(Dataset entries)
· · · · · · ·
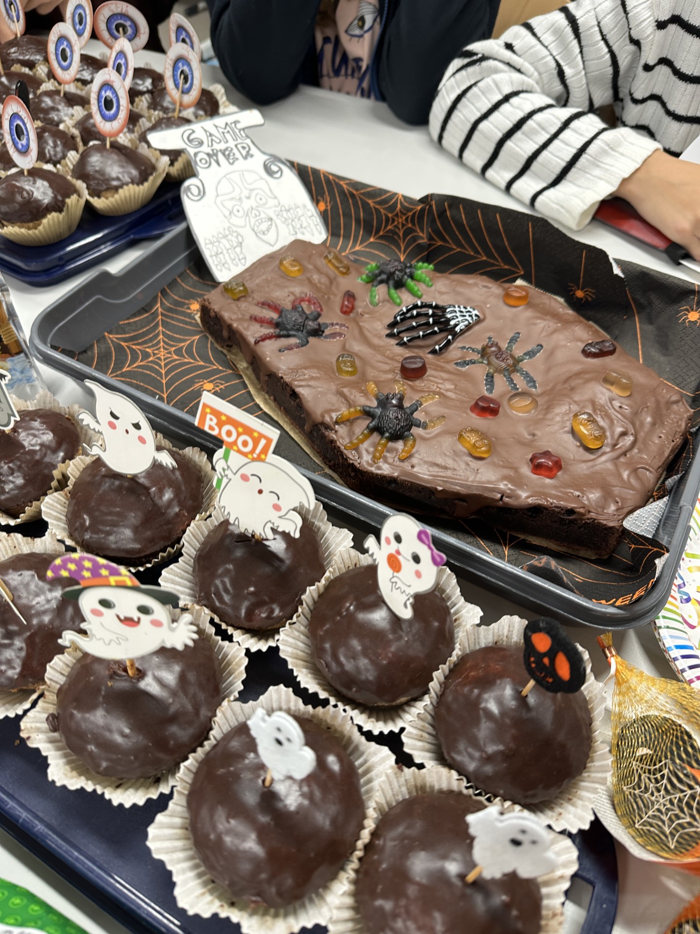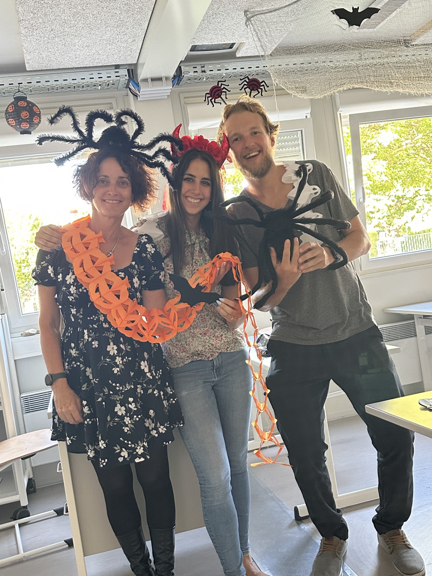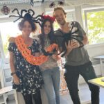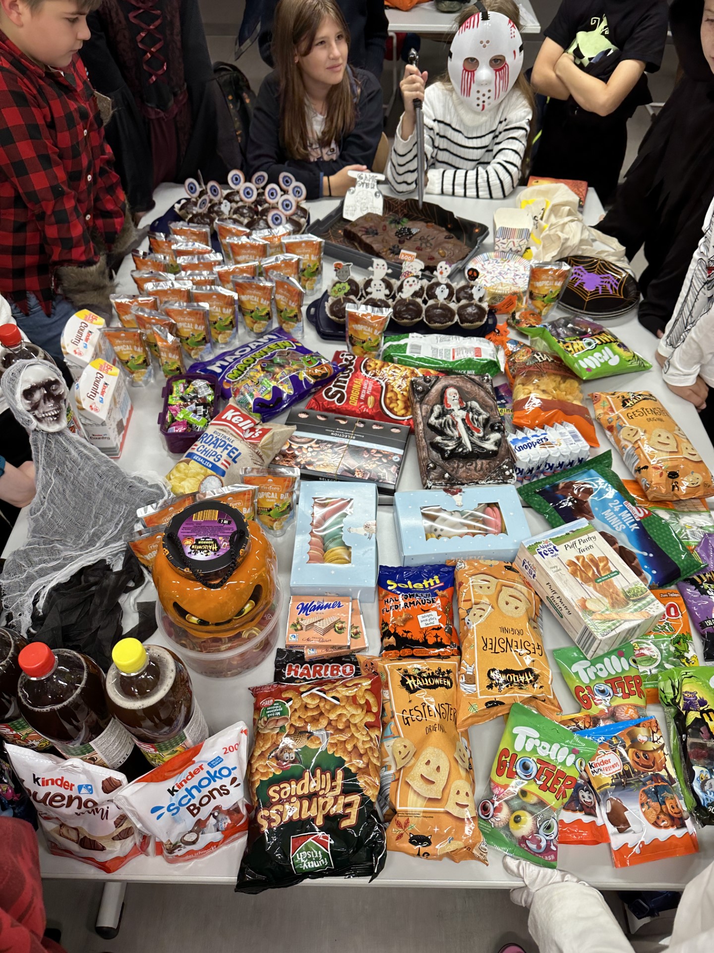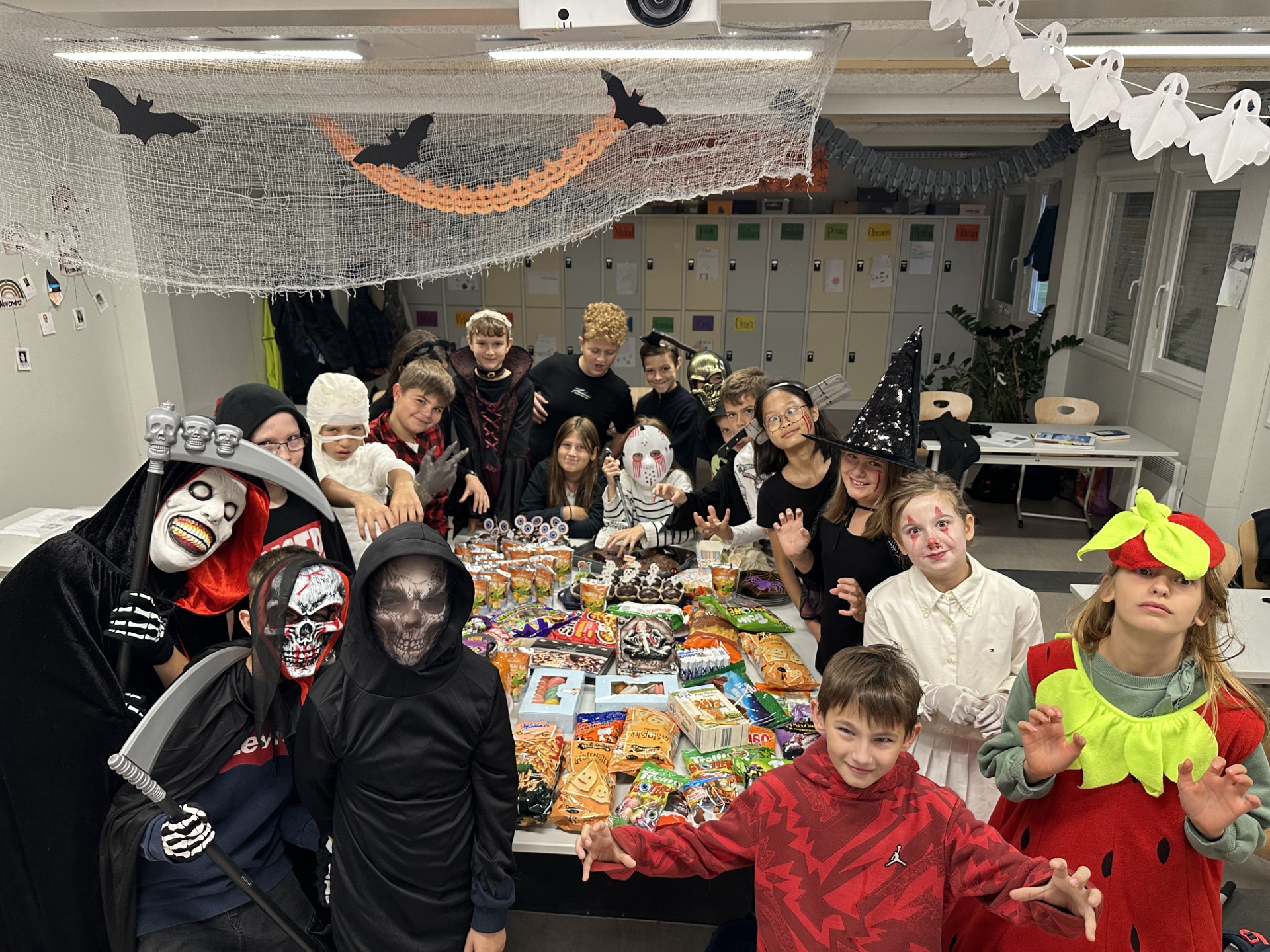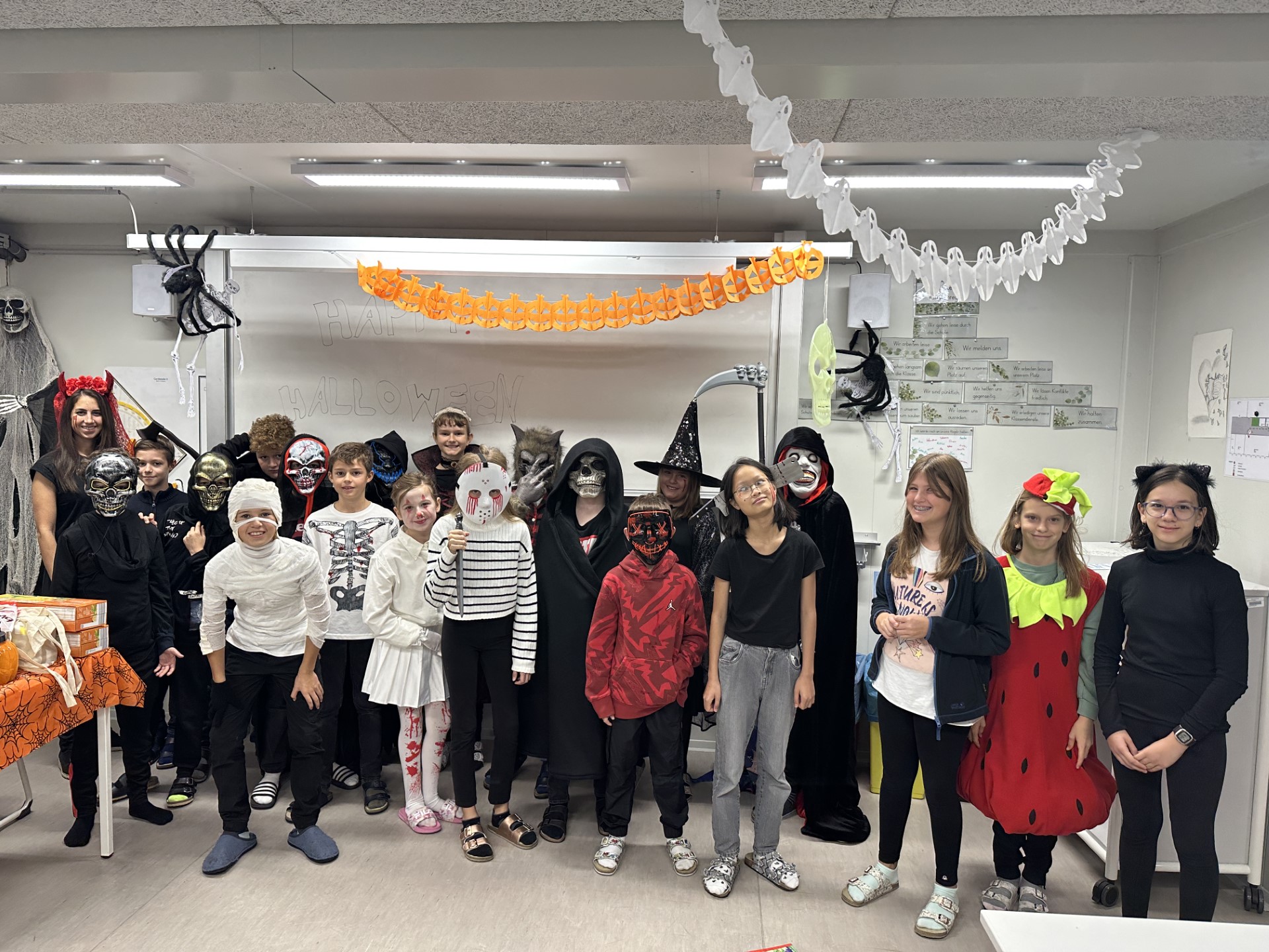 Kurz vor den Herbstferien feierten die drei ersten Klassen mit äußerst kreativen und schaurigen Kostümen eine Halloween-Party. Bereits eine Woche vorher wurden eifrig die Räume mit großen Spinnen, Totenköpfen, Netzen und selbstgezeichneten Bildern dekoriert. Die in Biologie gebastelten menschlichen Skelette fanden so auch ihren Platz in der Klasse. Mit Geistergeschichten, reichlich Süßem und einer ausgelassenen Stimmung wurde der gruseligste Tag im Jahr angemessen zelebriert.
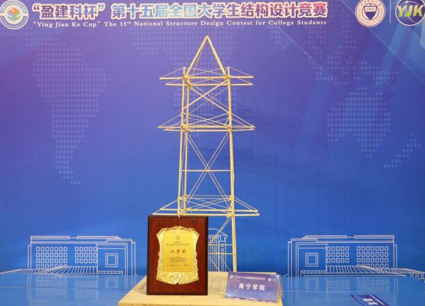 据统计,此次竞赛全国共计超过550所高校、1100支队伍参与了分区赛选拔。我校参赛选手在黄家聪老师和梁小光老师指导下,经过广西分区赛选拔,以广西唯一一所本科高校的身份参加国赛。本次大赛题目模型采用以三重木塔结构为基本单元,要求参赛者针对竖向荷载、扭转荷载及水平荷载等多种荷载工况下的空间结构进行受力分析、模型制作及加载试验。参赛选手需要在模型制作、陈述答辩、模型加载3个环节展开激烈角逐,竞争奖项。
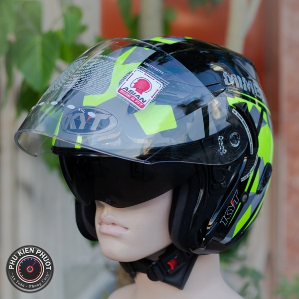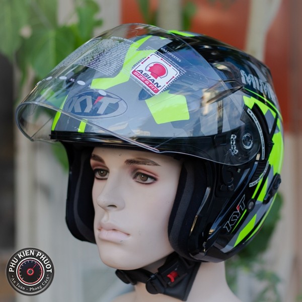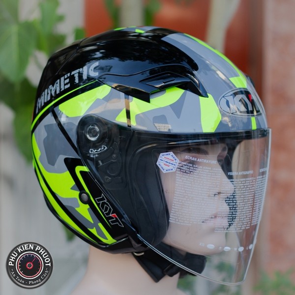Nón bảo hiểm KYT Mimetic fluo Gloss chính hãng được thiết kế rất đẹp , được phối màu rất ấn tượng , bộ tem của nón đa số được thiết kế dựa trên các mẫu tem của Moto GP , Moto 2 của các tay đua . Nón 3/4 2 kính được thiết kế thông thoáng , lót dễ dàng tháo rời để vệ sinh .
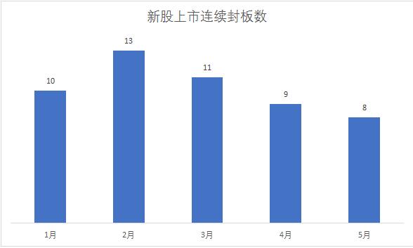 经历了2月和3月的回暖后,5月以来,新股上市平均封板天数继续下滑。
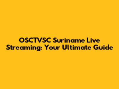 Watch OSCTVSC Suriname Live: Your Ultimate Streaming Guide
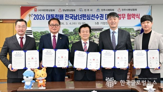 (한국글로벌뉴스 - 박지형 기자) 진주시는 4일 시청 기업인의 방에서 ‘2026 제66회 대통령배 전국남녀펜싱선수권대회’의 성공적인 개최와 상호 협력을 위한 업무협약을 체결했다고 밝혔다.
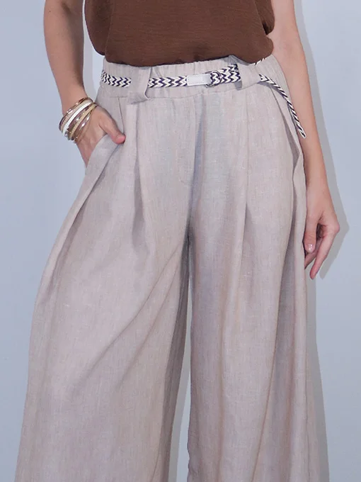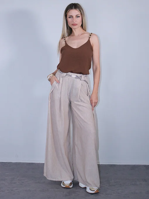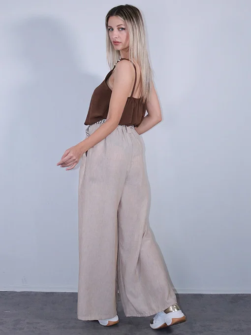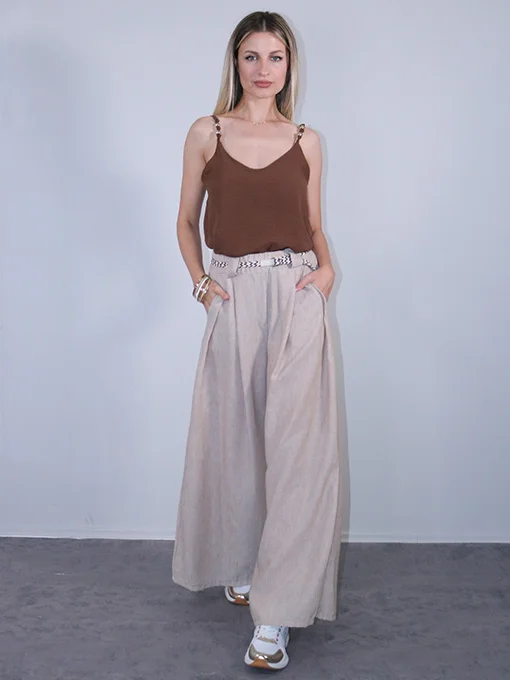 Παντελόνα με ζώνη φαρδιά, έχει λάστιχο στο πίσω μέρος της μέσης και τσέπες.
· · · · · · ·
What you return should match the entries word for word, pictures aside.

▶ Answer to this exercise:
 Kurz vor den Herbstferien feierten die drei ersten Klassen mit äußerst kreativen und schaurigen Kostümen eine Halloween-Party. Bereits eine Woche vorher wurden eifrig die Räume mit großen Spinnen, Totenköpfen, Netzen und selbstgezeichneten Bildern dekoriert. Die in Biologie gebastelten menschlichen Skelette fanden so auch ihren Platz in der Klasse. Mit Geistergeschichten, reichlich Süßem und einer ausgelassenen Stimmung wurde der gruseligste Tag im Jahr angemessen zelebriert.
 据统计,此次竞赛全国共计超过550所高校、1100支队伍参与了分区赛选拔。我校参赛选手在黄家聪老师和梁小光老师指导下,经过广西分区赛选拔,以广西唯一一所本科高校的身份参加国赛。本次大赛题目模型采用以三重木塔结构为基本单元,要求参赛者针对竖向荷载、扭转荷载及水平荷载等多种荷载工况下的空间结构进行受力分析、模型制作及加载试验。参赛选手需要在模型制作、陈述答辩、模型加载3个环节展开激烈角逐,竞争奖项。
Nón bảo hiểm KYT Mimetic fluo Gloss chính hãng được thiết kế rất đẹp , được phối màu rất ấn tượng , bộ tem của nón đa số được thiết kế dựa trên các mẫu tem của Moto GP , Moto 2 của các tay đua . Nón 3/4 2 kính được thiết kế thông thoáng , lót dễ dàng tháo rời để vệ sinh .
 经历了2月和3月的回暖后,5月以来,新股上市平均封板天数继续下滑。
 Watch OSCTVSC Suriname Live: Your Ultimate Streaming Guide
 (한국글로벌뉴스 - 박지형 기자) 진주시는 4일 시청 기업인의 방에서 ‘2026 제66회 대통령배 전국남녀펜싱선수권대회’의 성공적인 개최와 상호 협력을 위한 업무협약을 체결했다고 밝혔다.
 Παντελόνα με ζώνη φαρδιά, έχει λάστιχο στο πίσω μέρος της μέσης και τσέπες.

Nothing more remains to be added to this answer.